Novo urbanismo: como viver perto de tudo que precisa redefine o mercado imobiliário
O mercado de loteamentos no Brasil está a passar por uma transformação profunda. Se antes os projetos eram simples extensões da malha urbana, hoje apostam num modelo multifuncional que integra lazer, serviços, segurança e infraestrutura. Dados do Secovi-SP revelam que foram contabilizados 7.297 novos lotes no primeiro trimestre de 2026, com perfis que vão desde o programa Minha Casa, Minha Vida até a retomada de bairros planejados de alto padrão.
Esta mudança reflete uma nova procura dos compradores, muitos dos quais passaram a usar empreendimentos de lazer como moradia principal, impulsionados pelo trabalho remoto e pela busca por mais espaço e contacto com a natureza. O conceito de 'cidade de 15 minutos', idealizado pelo urbanista Carlos Moreno, está no centro desta revolução, prometendo acesso a serviços essenciais a pé em apenas um quarto de hora.
O que é o conceito de cidade de 15 minutos?

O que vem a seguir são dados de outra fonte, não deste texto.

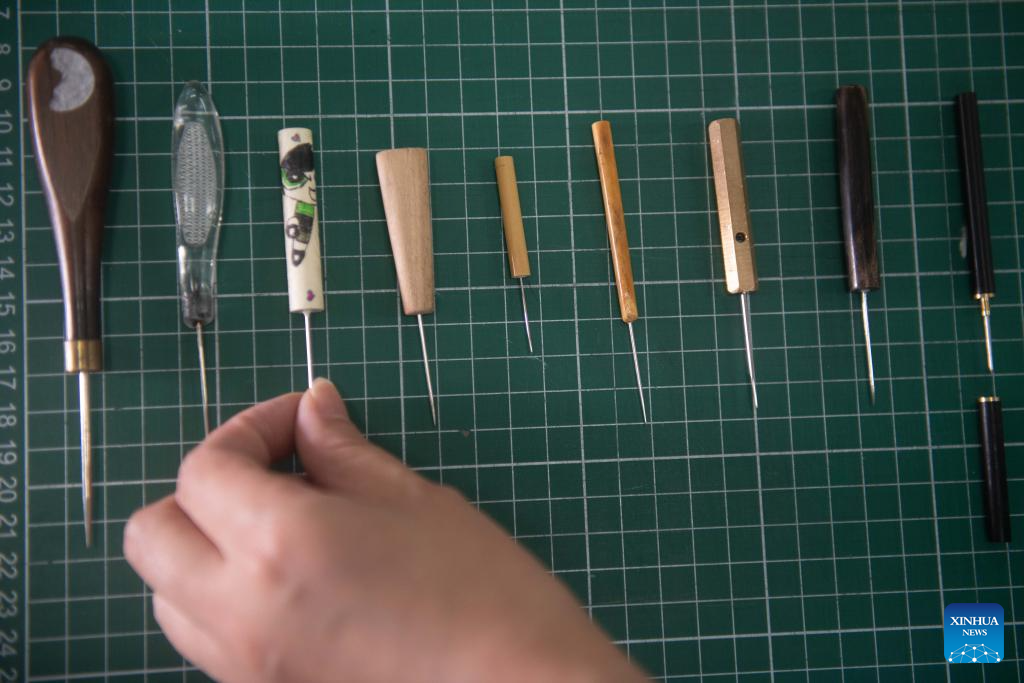 Book restorer Geng Ning introduces tools for book restoration at Anhui Provincial Library in Hefei, east China's Anhui Province, June 4, 2025. (Xinhua/Zhang Duan)

O urbanista franco-colombiano Carlos Moreno defende que as cidades se tornaram lugares de grandes distâncias, onde o automóvel domina o espaço público. 'Nos tornamos homens e mulheres centauros, metade humanos e metade carros, e perdemos a noção do tempo útil da vida familiar', afirmou. A proposta é romper com as longas distâncias e garantir que, em todo lugar, haja acesso a comércio, cultura, educação, cuidados médicos e espaços públicos de qualidade.
Como os parques e áreas verdes valorizam os loteamentos?
Segundo o professor João Fernando Pires Meyer, a presença de parques e áreas verdes tornou-se a característica mais importante e uma exigência prática do mercado para os novos loteamentos. Além do ganho ambiental, estas soluções são economicamente estratégicas e estão a ser adotadas até em empreendimentos do segmento económico. 'São espaços capazes de fazer com que os moradores criem uma ligação, desenvolvendo uma identidade que os faz sentirem-se pertencentes a um grupo ou comunidade', explica.
Qual o impacto do Minha Casa, Minha Vida nos novos loteamentos?
O programa Minha Casa, Minha Vida (MCMV) continua a ser um motor do mercado. Em fevereiro de 2026, 73% das unidades vendidas e 82% dos lançamentos na capital paulista estavam enquadrados no programa. A faixa 4, incorporada em 2025 para famílias com renda até R$ 13 mil, é financiada com recursos do Fundo Social do pré-sal. Segundo Caio Calfat, o conceito urbanístico para o público de menor renda segue a mesma lógica dos empreendimentos de alto padrão, oferecendo bairros planejados com infraestrutura completa.
Como os shoppings estão a transformar-se em polos de moradia?
A Allos, uma das maiores empresas do setor, aposta no desenvolvimento de empreendimentos de uso misto no entorno dos seus centros comerciais. O pipeline atual inclui 72 torres distribuídas em 13 shoppings de nove estados. O modelo 'asset light' permite à empresa monetizar terrenos próprios através de parcerias com incorporadoras. Dados da Allos mostram que moradores destes empreendimentos frequentam os centros de compras até cinco vezes mais do que a média dos consumidores.
O Fórum Estadão Loteamento Urbano 2026, que ocorre a 3 de agosto em São Paulo, debaterá estas tendências. O evento será transmitido online.